THE RECORDS »
□ □ □
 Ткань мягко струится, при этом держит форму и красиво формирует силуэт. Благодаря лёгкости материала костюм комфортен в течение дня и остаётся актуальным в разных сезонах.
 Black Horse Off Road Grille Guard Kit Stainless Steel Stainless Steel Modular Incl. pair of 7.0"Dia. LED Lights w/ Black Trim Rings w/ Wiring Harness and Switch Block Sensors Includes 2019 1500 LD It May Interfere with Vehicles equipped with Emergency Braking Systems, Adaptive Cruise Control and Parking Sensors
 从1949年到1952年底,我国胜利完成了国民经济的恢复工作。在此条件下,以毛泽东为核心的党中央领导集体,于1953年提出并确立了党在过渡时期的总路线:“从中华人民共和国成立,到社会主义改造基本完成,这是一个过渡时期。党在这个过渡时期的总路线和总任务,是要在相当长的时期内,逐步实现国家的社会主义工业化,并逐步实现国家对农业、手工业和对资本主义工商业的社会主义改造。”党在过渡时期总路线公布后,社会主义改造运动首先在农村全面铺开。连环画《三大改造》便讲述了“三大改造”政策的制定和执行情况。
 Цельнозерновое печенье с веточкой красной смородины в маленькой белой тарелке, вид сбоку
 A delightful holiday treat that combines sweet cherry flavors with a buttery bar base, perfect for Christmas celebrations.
□ □ □
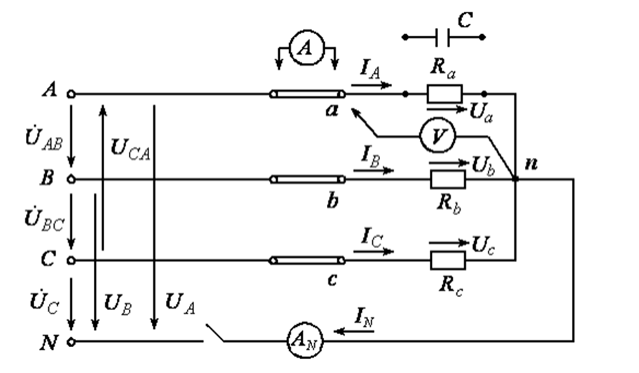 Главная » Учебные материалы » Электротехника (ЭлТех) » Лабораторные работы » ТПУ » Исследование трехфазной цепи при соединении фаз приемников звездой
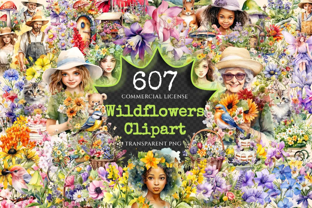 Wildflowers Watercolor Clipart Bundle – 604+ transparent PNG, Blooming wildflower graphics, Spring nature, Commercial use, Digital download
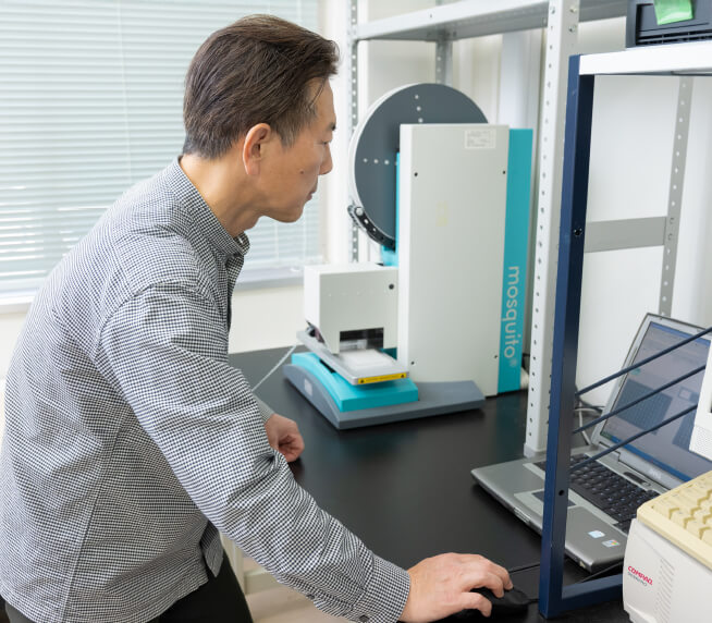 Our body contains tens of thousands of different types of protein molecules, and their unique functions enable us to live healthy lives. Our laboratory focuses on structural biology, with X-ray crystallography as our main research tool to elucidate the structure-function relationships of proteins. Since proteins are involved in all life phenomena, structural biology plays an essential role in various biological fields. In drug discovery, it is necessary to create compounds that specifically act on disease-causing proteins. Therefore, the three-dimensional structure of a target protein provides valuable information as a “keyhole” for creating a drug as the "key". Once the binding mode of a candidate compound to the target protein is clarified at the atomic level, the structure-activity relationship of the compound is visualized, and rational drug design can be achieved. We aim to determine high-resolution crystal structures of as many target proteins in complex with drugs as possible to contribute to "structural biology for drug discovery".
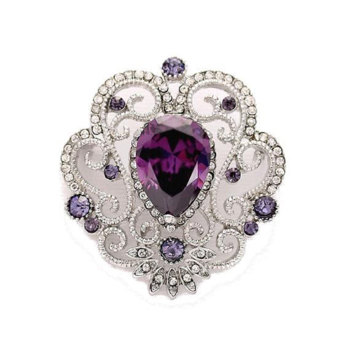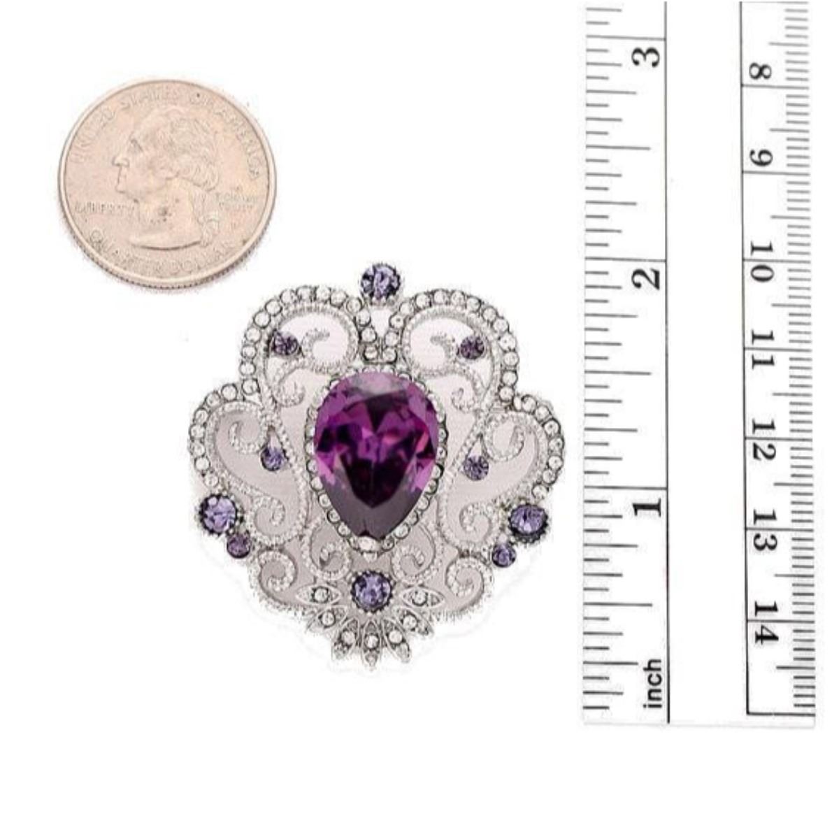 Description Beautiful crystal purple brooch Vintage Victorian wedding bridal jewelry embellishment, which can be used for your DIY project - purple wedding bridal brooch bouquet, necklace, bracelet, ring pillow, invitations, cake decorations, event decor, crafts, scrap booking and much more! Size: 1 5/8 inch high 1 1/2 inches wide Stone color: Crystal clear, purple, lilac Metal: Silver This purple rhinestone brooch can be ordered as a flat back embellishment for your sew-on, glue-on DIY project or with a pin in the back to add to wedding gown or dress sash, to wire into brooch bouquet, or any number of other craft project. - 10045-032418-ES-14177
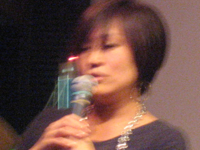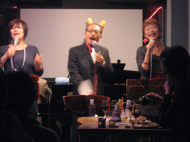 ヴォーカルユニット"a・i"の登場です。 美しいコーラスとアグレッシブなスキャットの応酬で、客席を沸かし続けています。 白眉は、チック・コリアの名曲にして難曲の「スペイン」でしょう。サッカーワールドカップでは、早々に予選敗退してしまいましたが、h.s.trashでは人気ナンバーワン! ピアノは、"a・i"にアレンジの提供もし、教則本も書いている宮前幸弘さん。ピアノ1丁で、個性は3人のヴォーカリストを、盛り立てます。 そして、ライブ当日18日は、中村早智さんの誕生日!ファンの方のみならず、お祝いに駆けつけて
□ □ □
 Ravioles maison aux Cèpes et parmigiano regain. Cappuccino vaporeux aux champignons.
□ □ □
Please transcribe exactly the lines above from the line that has "Цельнозерновое печенье с" up to and including the line that has "A delightful holiday"; no other line belongs in the answer.

WRITTEN ANSWER »
 Цельнозерновое печенье с веточкой красной смородины в маленькой белой тарелке, вид сбоку
 A delightful holiday treat that combines sweet cherry flavors with a buttery bar base, perfect for Christmas celebrations.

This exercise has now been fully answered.